My people were Dutch or French, that painter Hals
was one of them. I keep one on my walls
as a sort of a conversation piece,
though strictly conversation’s not my forte.
In France now Mesmerism is the rage;
they say Franz Anton Mesmer is a sage,
he took Ben Franklin up in a balloon;
but what is that to me, who have confined
myself to gardens here on this estate?
In youth I pined for new philosophy,
and sought to find it in the weekly papers.
But now, in the decrepid rancour of my age,
confined by gout and palsy to my bed,
I more and more retreat into my head,
or take my pleasure looking out of windows.
I who cannot imagine the living Tyre,
or trace the etymology of language.
A girl passed this way several days ago,
who must have chased a cat into the garden.
I saw her at the window’s very edge,
or part of her. The whole view was occluded,
being in motion and too far to one side.
A leg, a dress, some laughter and some talk,
meant for the cat no doubt. While I inside
struggled to glimpse the colour of her hair.
Her feet were very white and pink and bare,
and auburn gold the colour of her hair.
I counted the minutes till I saw her eyes,
so dark blue-green they filled me with surprises.
She couldn’t have been much more than eleven.
I knew a woman once who was of age,
and watched her so, while reading books. I spied.
Yet even then, though my view were occluded
I wanted to see her partially denuded,
and wondered should I let her glimpse of me?
What were the likelihood that she could see?
Or hear. Then a strict panic took me back.
First thought. No, that can’t be correct.
It is legitimate to inspect
the frames of windows.
Looking outward is my first ambition.
I have not the learning or cognition
to sense of this her burning rampart plums,
twizzling once as though to prove Weslier’s theory.
Cool bath pools, limestone quarries, clock my mind.
I have gathered these tomes to one side,
grouping them accordingly as one author,
the history of an age inherited.
Chiefly such terminologies have swept Europe
briefly in images, glanced in the corner of talk,
like the voice of the oboe over the orchestra,
inevitably superseded by voices of friends,
extinguished in the ocean of recognized consciousness.
Look at their jackets. Something is very different about each one.
Six years of monthlies that I paid to bind.
Angels are visitors to different houses.
They are transparent, yet to the mind are white.
While to other people, even cousins,
they are real people. Their voices in houses
(and hear I cannot escape my own)
allay fears with ordinary transactions.
Cousins are humourous, good to have in the house.
I want to go everywhere with Fred, or be alone with Roger.
Julia and Jennifer are my spies in court.
I have hung mirrors on lengthy poles
to catch a glimpse of my aunt undressing in the room next to mine,
for several days through the spring festivals,
or was it the harvest. Night of the thunderstorm.
To have come from far places tired, garrulous.
The crisp decree of history in the air,
harsh like the talk of the viceroy, her husband,
who beat us all at cards, but gave us cheroots,
but a dull monotone spread over the western world
as far along the calendar’s divide
to China as any theory of gravity.
It hung in the air like Franklin in his balloon,
at night I hope it was, Franklin and Mesmer talking,
for upwards is space that is continuous with issued thought.

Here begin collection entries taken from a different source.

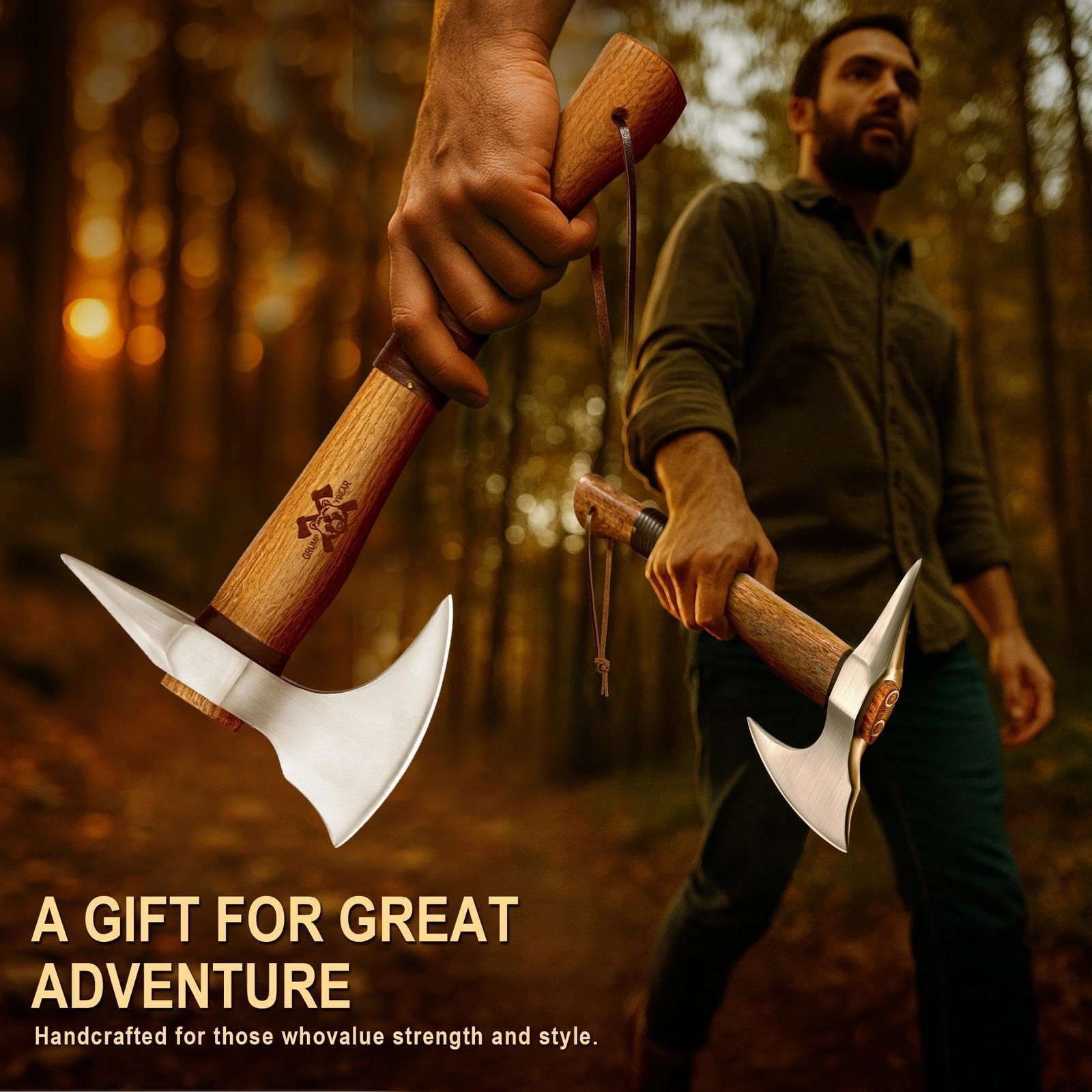 body html h3 p .a h2 div #content Grumpy Bear 15" Survival Axe Camping Hatchet – Forged Long, Silver-Long-PlusProduct Features HIGH CARBON STEEL BLADE: Crafted from high-carbon steel, this axe delivers outstanding cutting power, exceptional sharpness, and lasting durability, making it the perfect tool for heavy-duty outdoor chores like chopping and splitting wood. SMOOTH BLADE FINISH FOR CLEAN CUTS: The smooth, polished blade is designed for precise, efficient cutting, ensuring clean and effortless wood splitting with minimal effort. Whether you're clearing brush or chopping logs, the blade’s smooth finish enhances your cutting experience. ERGONOMIC LEATHER-WRAPPED HANDLE: Wrapped in fine leather, the handle is not only visually stunning but also offers exceptional comfort. It’s designed to minimize hand strain, making it easier to use for extended periods without sacrificing grip security. SECURE SAFETY LANYARD INCLUDED: A built-in safety lanyard offers extra protection, ensuring the axe won’t slip from your hands during use, even when you’re working in challenging environments or under adverse weather conditions. VERSATILE AND RELIABLE TOOL: Whether you’re out camping, hiking through the wilderness, or preparing for survival situations, this axe is a versatile companion that can tackle everything from kindling to large logs, offering dependable performance in all outdoor activities. Note: A thin protective oil is applied to the axe head to prevent rust during storage and shipping. Over time, this coating may dry and become sticky — this is normal. Simply wipe it clean with a dry cloth. If it has hardened, soak the axe head in warm water for a few minutes, then wipe it off easily. Shipping:Shipping is complimentary within the lower 48 US States. We Do Not Ship to PO/APO Boxes, HI or Alaska We Do Not Ship Outside of the Continental US All items ship within 24-72 hours of Payment For large items that require Freight shipping a valid phone number is required to call and schedule your deliveryTerms of Sale and Feedback: Feedback is extremely important to us and eBay If you are satisfied with our transaction, please take a moment to leave Positive Feedback. YOUR Satisfaction is our Priority! If there are any issues, PLEASE contact us BEFORE leaving a neutral or negative rating so that we may resolve any concerns. We PROMISE we can make you happy if you give us a fair chance. Returns / Concerns: All items qualify for returns within 14 - 30 days of receipt. Buyer is responsible for return shipping on any item that is not damaged Please be sure this is an item you want before making your purchase. Customer Satisfaction is our TOP priority! All items are IN STOCK at time of listing. Inventory on eBay changes constantly and it is impossible to maintain a perfectly accurate count of all items. Please do not penalize us if we have to issue you a refund! Thank You For Your Business!
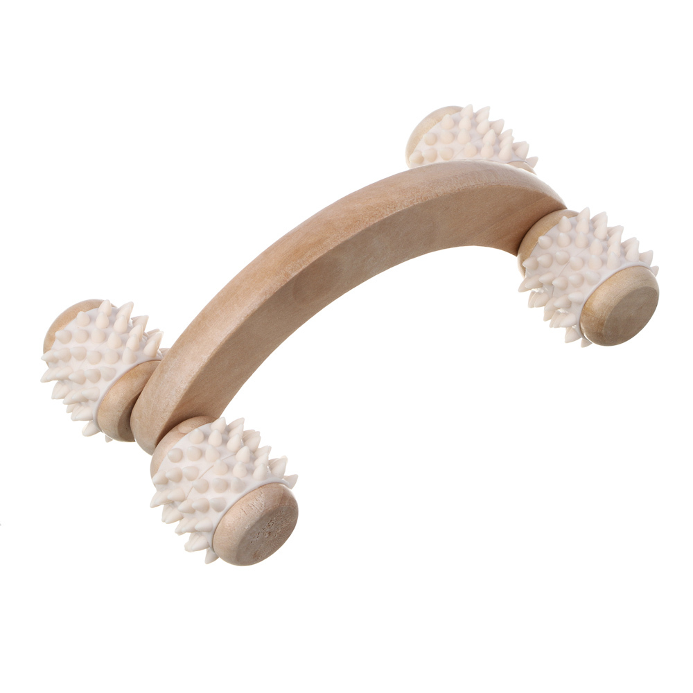 Массажный роллер SILAPRO «Max», 16,5х6х9 см с четырьмя роликами – это удобное приспособление для самомассажа любых частей тела. Корпус изделия выполнен из натурального качественно обработанного дерева... Показать описание. Массажные элементы из ПВХ глубоко проникают в мышцы, способствуя расслаблению, снятию болевых ощущений и устранению чувства скованности. Регулярный массаж дарит чувство бодрости и прилив сил.
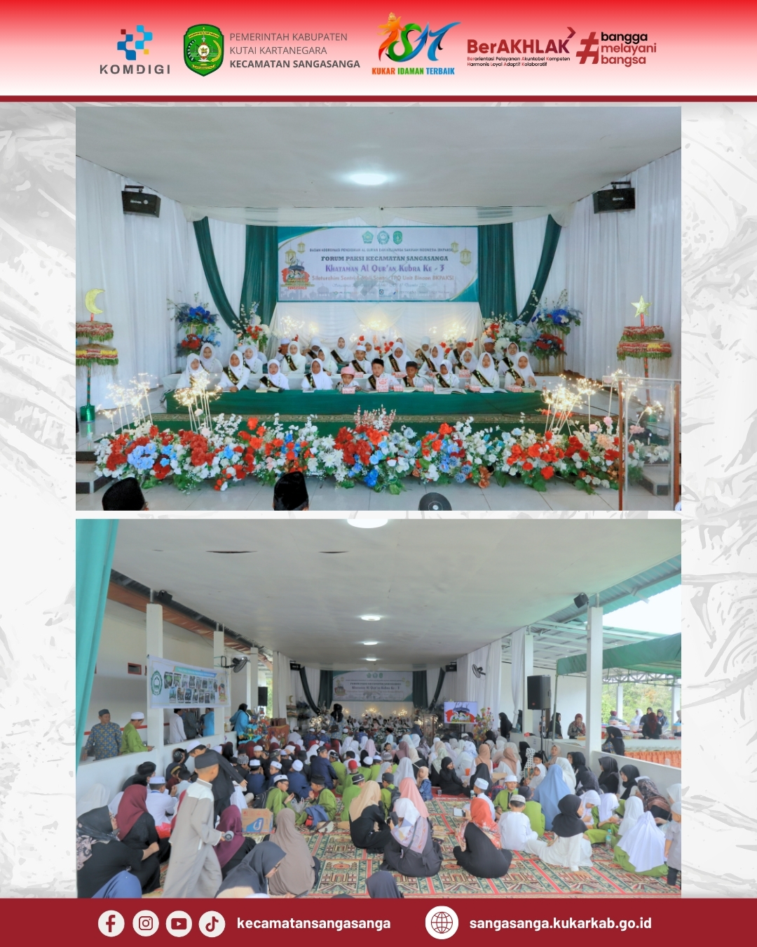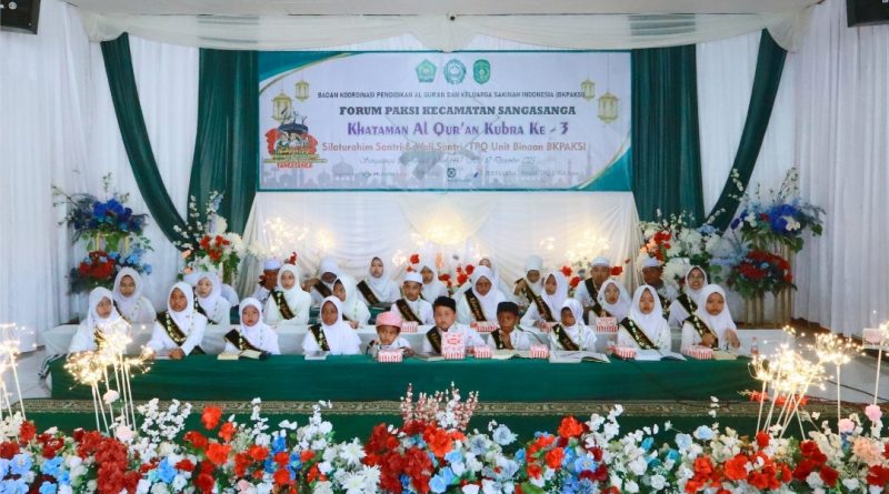 SANGASANGA – Aula Kantor Camat Sangasanga menjadi saksi khidmatnya pelaksanaan kegiatan Khataman Al-Qur’an Kubro ke-3 yang diselenggarakan oleh Forum Koordinasi Pendidikan Al-Qur’an dan Keluarga Sakinah Indonesia (BKPAKSI) Kecamatan Sangasanga pada Rabu (17/12/2025). Acara ini merupakan agenda rutin yang bertujuan untuk mensyukuri pencapaian para santri dalam menyelesaikan pembacaan kalam ilahi sekaligus mempererat silaturahim antar lembaga pendidikan. Rangkaian kegiatan dimulai sejak pagi hari pukul 07.00 WITA dengan titik kumpul massa di Ruang Terbuka Hijau (RTH) sebelum bergerak menuju lokasi utama di Aula Kecamatan. Kehadiran ratusan santri beserta wali santri memberikan nuansa religius yang sangat kental di lingkungan kantor pemerintahan kecamatan pagi ini. Melalui kegiatan ini, diharapkan motivasi anak-anak di Sangasanga untuk terus mencintai dan mengamalkan nilai-nilai Al-Qur’an semakin meningkat seiring bertambahnya usia mereka.
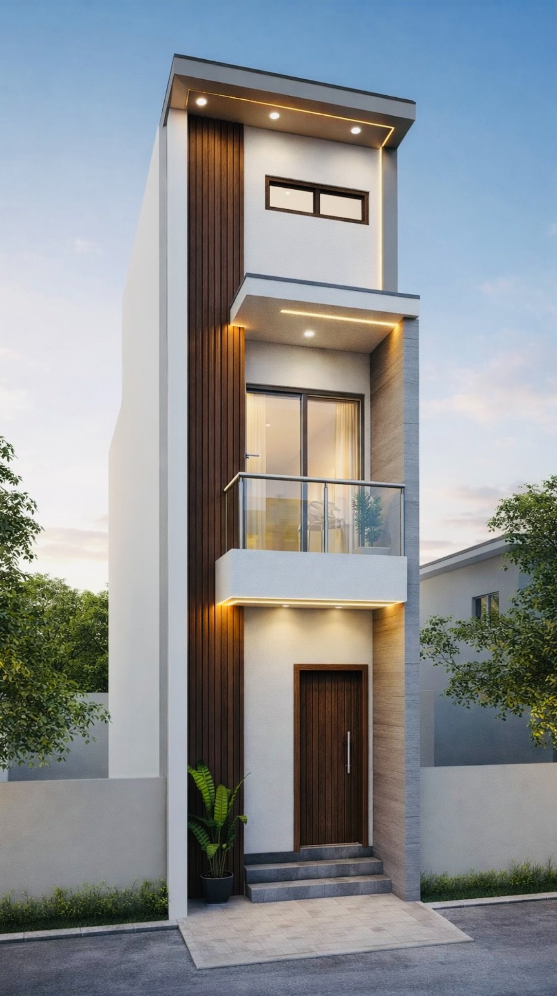 Complete 9×40 feet house design with 2D floor plan, 3D elevation, structural design and trapezoidal rear width (7.83 ft). Ground plus floors modern narrow plot home.
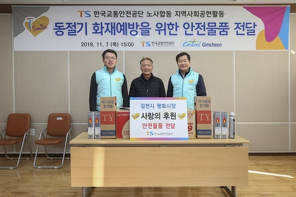 한국교통안전공단은 7일 경북 김천시 소재 평화시장을 방문해 시장 상인들과 소통의 시간을 가지고 안전용품(소화기) 100개를 전달했다고 밝혔다.
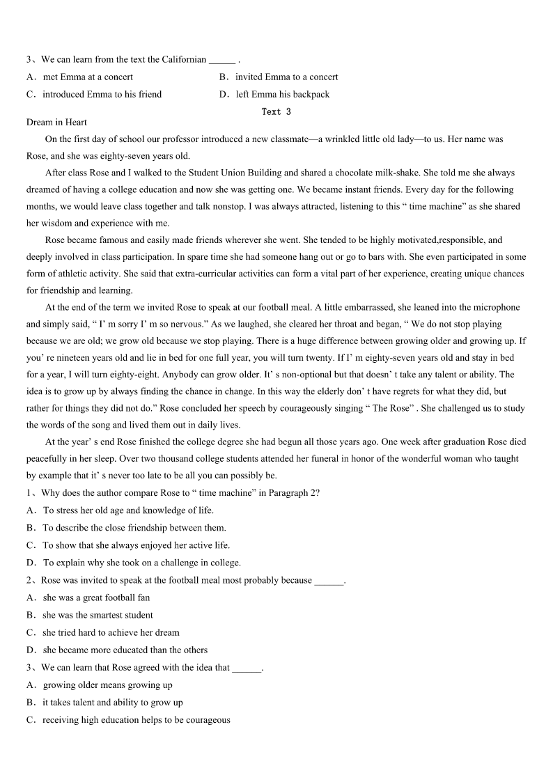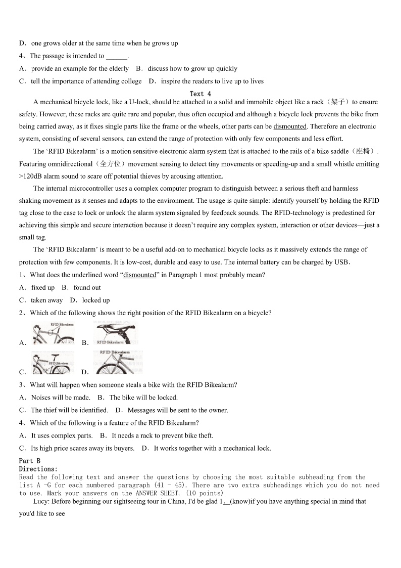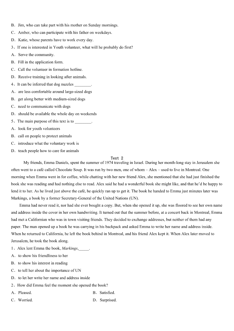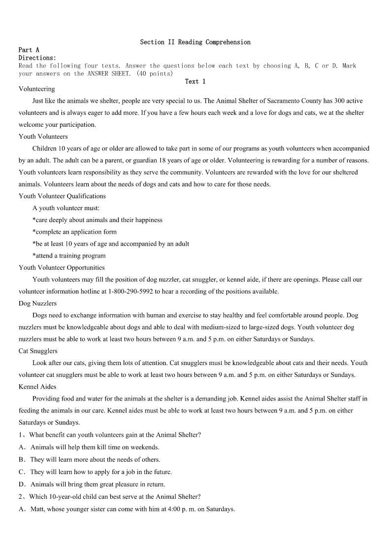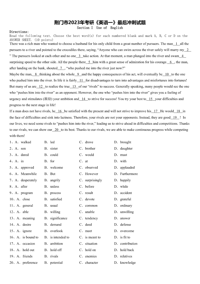 荆门市2023年考研《英语一》最后冲刺试题 SectionIUseofEnglish Directions: Readthefollowingtext.Choosethebestword(s)foreachnumberedblankandmarkA,B,CorDonthe ANSWERSHEET.(10points) Therewasarichmanwhowantedtochooseahusbandforhisonlychildfromagreatnumberofpursuers.Theman1allthe pursuerstoariverandpointedtothecrocodilesthere,saying,“Anyonewhocanswimacrosstheriversafelywillmarrymy2 ”Thepursuerslookedateachotherandnoone3takeaction.Atthatmoment,amanplungedintotheriverandswam4 surprisingspeedtotheotherside.Allthepeoplethere5himwithagreatsenseofadmirationforhiscourage.6,theman, afterlandingonthebank,shouted7,“whopushedmeintotheriverjustnow?” Maybetheman,8thinkingaboutthewhole9andthehappyconsequencesofhisact,willeventuallybe10totheone whopushedhimintotheriver.Inlifeitisfairly11fordisadvantagestoturnintoadvantagesandmisfortunesintofortunes! Butmanyofusare12torealizethetrue13ofour“rivals”tosuccess.Generallyspeaking,manypeoplewouldseetheone who“pusheshimintotheriver”asanopponent.However,theonewho“pusheshimintotheriver”givesyouafeelingof urgencyandstimulates(激励)yourambitionand14tostriveforsuccess!Youtryyourbestto15yourdifficultiesand progresstothenextstageinlife! Ifamandoesnothaverivals,he16besatisfiedwiththepresentandwillnotstrivetoimprovehis17Hewould18in thefaceofdifficultiesandsinkintolaziness.Therefore,yourrivalsarenotyouropponents.Instead,theyaregood19!In ourlives,weneedsomerivalsto“pusheshimintotheriver,”leadingustostriveaheadindifficultiesandcompetitions.Thanks toourrivals,wecanshowour20toitsbest.Thankstoourrivals,weareabletomakecontinuousprogresswhilecompeting withthem! 1、A.walkedB.ledC.droveD.brought 2、A.sonB.sisterC.brotherD.daughter 3、A.daredB.couldC.wouldD.must 4、A.inB.forC.atD.with 5、A.approvedB.welcomeC.observedD.applauded 6、A.MeanwhileB.ButC.HoweverD.Furthermore 7、A.desperatelyB.angrilyC.surprisinglyD.happily 8、A.afterB.unlessC.beforeD.while 9、A.programB.processC.resultD.accident 10、A.closeB.satisfiedC.devoteD.grateful 11、A.generalB.usualC.commonD.ordinary 12、A.ableB.willingC.unableD

The development of nations is nothing to the
absolute apostle who rides the throne at the center.
Hermetic I should loan her to her mother.
Begin to understand one voice speaks for the nation,
it is what we take home with our hearts.
It is the voice of time and space and science,
which co-exists with Africa and Japan.
I have spent days in the gardens or at the zoo,
and felt that I could travel anywhere.
But to be leaving, by train or by ship,
carries with it a sense that is thunderous,
not merely the joy of being with family,
but the dark pleasure obstructed by distance and mountains,
the true lightning and lightning rod of the age.
It is the gods still that we beckon to.
It is something we all know. What is it?
The voice of the ocean. The thunder. The atmosphere.
Trading an ever rolling algorithm of series of numbers
on the market, welcoming a January day.
It is the dull tolling of time at the end of death,
and the likelihood of other people before here like us.
But it is the firm reply of trade, and the wealth of nations,
the hum of the shell that stretches across dreams
and tidies up each hour of the night,
till pennies are different than minutes count,
or the stroke of the waltz under rapid feet.
We hug, we say good night, we the elite.
There isn’t any stroke in dreams of wars.
Far different and far distant a reach.
None are isolated in careers.
Probably France could tell you. My reply
is a firm faith in the lord Jesus, though I go to no churches.
I practice certain services at home, by correct light,
with a simple faith. Contrive of midnight
the alchemical ulterior of day’s brisk schedule,
and remember the dead. My little window
breathes the faith light of the Virgin Mary,
dandelion puffballs blown across the summer.

Far east of the north corridor
stand certain mountains of the Himalayas.
By these you may tell a diver’s pearl in Subu,
or exhaust the eyes of day in winter,
sure of a woman’s obedience, the lord
of pregnant familiars. The vast waste
is idle too, obedient to these powers.
Decrees and universal knowledge fill the hours.

But that day when I faced her living sex
there was no way of getting round it.
She preferred me to all other men.
I was compelled to repay the compliment.
That is an old book. I could look it up.
There beside the first assessment of modern psychology.
I worked for no wage.
Women, as we Dutch say, were all over me.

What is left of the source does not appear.